# Why are singular “elliptic” curves bad for crypto?

Consider the algebraic curve given by a short Weierstraß equation $$y^2=x^3+ax+b$$.

If $$4a^3+27b^2=0$$, then there are repeated roots of the right-hand side $$x^3+ax+b$$. How are these repeated roots bad for a discrete-logarithm-based cryptosystem?

• – kelalaka Mar 1 at 17:49

When a Weierstraß equation $$y^2 = x^3 + Ax + B$$ over $$\mathbf F_p$$ has a null discriminant, then it does not define an elliptic curve: it is a singular curve. In that case, it means the polynomial $$x^3 + Ax + B$$ has a double or triple root $$x_0$$ and the point $$(x_0, 0)$$ is a singular point. All the non-singular points still define a group law with the regular construction as in an elliptic curve.

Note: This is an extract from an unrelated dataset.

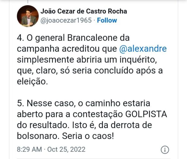 “O general Brancaleone da campanha acreditou que Alexandre simplesmente abriria um inquérito, que, claro, só seria concluído após a eleição. Nesse caso, o caminho estaria aberto para a contestação golpista do resultado. Isto é, da derrota de Bolsonaro. Seria o caos!”, observa.

With a change of variable, you can always come back to these two cases:

• $$y^2 = x^3$$, then there are exactly $$p$$ non-singular points and there is an efficient map to the additive group of $$\mathbf F_p$$ where the discrete logarithm is trivial.

• $$y^2 = x^2(x-1)$$, then there are $$p+1$$ or $$p-1$$ points and there is an efficient map to the multiplicative group of $$\mathbf F_{p^2}^*$$ (which has $$p^2 - 1 = (p-1)(p+1)$$ elements) where the discrete logarithm is way easier to compute (but not as easy as the previous case).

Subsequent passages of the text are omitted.